No sé si os
ha pasado, pero yo a veces tengo la brumosa sensación de que las casualidades
no existen y que de existir algo existen más bien las causalidades. O por
decirlo de otra manera, de alguna forma nuestro inconsciente nos lleva, nos
empuja en determinada dirección, quizás porqué lo hayamos leído u oído o
quizás, quizás, porque era el sitio exacto donde teníamos que estar en un
determinado momento. Eso fue lo que me pasó el otro día cuando me encontré casi de sopetón, sin
esperarlo, con las magníficas esculturas de Leiro.
Llevaba yo
semanas a vueltas con el mito de Sísifo. Con el mito de Sísifo y con la arena.
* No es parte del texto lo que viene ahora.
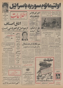 روزنامه اطلاعات روز سهشنبه ۸ آبان ماه ۱۳۵۲
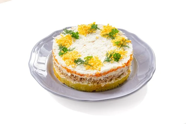 ШАГ 9 Выложить салат на блюдо слоями, промазывая каждый небольшим количеством майонеза, в следующем порядке: картофель, лук, рыба, половина белков, морковь.

Sí, con la arena, con la tierra, con eso que está debajo de nuestros pies y que
nos ata tanto. Eso que en última medida nos ancla a un determinado lugar. Eso
que en determinados casos se convierte en una gran piedra negra colocada sobre
nuestras espaldas que nos impide respirar. O por lo menos eso parece cuando nos
hablan del lugar al que se pertenece. Será porque con esta necesidad de
cosificarlo todo, unas coordenadas físicas, una ubicación, dónde uno esté
situado en el Planeta Tierra, facilitan la identidad, sirven de anclaje para
reclamar todo tipo de esfuerzos y avivar, movilizar todo tipo de emociones y
sentimientos.
Todo esto
viene a cuento de que hace poco me enteré de que la arena podría llegar a ser
una de las materias más valiosas en un próximo futuro. Es más, en estos
momentos, existe todo un mercado de tráfico de arena a través de los océanos.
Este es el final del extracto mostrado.